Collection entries
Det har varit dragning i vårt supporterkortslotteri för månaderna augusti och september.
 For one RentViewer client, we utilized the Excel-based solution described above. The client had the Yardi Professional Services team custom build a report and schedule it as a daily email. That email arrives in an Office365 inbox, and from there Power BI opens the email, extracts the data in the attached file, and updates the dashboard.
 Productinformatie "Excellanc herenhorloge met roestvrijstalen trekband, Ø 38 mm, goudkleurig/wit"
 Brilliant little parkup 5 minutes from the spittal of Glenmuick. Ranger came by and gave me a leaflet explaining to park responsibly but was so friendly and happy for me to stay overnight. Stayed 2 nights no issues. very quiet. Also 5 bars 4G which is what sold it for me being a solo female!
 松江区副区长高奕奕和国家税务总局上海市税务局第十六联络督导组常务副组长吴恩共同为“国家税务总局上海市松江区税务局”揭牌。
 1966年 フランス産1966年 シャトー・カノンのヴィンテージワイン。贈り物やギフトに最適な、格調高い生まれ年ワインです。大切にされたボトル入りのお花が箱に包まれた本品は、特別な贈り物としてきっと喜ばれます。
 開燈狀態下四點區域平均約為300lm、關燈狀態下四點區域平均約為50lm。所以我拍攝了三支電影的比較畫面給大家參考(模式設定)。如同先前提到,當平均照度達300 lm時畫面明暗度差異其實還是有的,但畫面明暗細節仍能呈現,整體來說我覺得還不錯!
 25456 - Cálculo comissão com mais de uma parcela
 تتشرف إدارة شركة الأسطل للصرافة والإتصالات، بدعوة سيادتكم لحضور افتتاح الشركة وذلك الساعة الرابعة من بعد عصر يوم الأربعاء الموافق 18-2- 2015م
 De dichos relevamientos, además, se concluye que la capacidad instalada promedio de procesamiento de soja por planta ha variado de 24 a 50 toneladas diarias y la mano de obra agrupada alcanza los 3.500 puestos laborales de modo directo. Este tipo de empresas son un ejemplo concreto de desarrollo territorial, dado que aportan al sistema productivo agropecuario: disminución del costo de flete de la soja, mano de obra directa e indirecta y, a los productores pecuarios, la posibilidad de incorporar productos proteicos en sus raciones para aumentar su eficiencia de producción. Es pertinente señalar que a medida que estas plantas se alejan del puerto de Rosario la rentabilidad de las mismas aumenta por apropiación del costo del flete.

* _WHAT YOU NEED TO DO_
The reply must repeat all of the records precisely.

* _RESPONSE TO THE EXERCISE_
Det har varit dragning i vårt supporterkortslotteri för månaderna augusti och september.
 For one RentViewer client, we utilized the Excel-based solution described above. The client had the Yardi Professional Services team custom build a report and schedule it as a daily email. That email arrives in an Office365 inbox, and from there Power BI opens the email, extracts the data in the attached file, and updates the dashboard.
 Productinformatie "Excellanc herenhorloge met roestvrijstalen trekband, Ø 38 mm, goudkleurig/wit"
 Brilliant little parkup 5 minutes from the spittal of Glenmuick. Ranger came by and gave me a leaflet explaining to park responsibly but was so friendly and happy for me to stay overnight. Stayed 2 nights no issues. very quiet. Also 5 bars 4G which is what sold it for me being a solo female!
 松江区副区长高奕奕和国家税务总局上海市税务局第十六联络督导组常务副组长吴恩共同为“国家税务总局上海市松江区税务局”揭牌。
 1966年 フランス産1966年 シャトー・カノンのヴィンテージワイン。贈り物やギフトに最適な、格調高い生まれ年ワインです。大切にされたボトル入りのお花が箱に包まれた本品は、特別な贈り物としてきっと喜ばれます。
 開燈狀態下四點區域平均約為300lm、關燈狀態下四點區域平均約為50lm。所以我拍攝了三支電影的比較畫面給大家參考(模式設定)。如同先前提到,當平均照度達300 lm時畫面明暗度差異其實還是有的,但畫面明暗細節仍能呈現,整體來說我覺得還不錯!
 25456 - Cálculo comissão com mais de uma parcela
 تتشرف إدارة شركة الأسطل للصرافة والإتصالات، بدعوة سيادتكم لحضور افتتاح الشركة وذلك الساعة الرابعة من بعد عصر يوم الأربعاء الموافق 18-2- 2015م
 De dichos relevamientos, además, se concluye que la capacidad instalada promedio de procesamiento de soja por planta ha variado de 24 a 50 toneladas diarias y la mano de obra agrupada alcanza los 3.500 puestos laborales de modo directo. Este tipo de empresas son un ejemplo concreto de desarrollo territorial, dado que aportan al sistema productivo agropecuario: disminución del costo de flete de la soja, mano de obra directa e indirecta y, a los productores pecuarios, la posibilidad de incorporar productos proteicos en sus raciones para aumentar su eficiencia de producción. Es pertinente señalar que a medida que estas plantas se alejan del puerto de Rosario la rentabilidad de las mismas aumenta por apropiación del costo del flete.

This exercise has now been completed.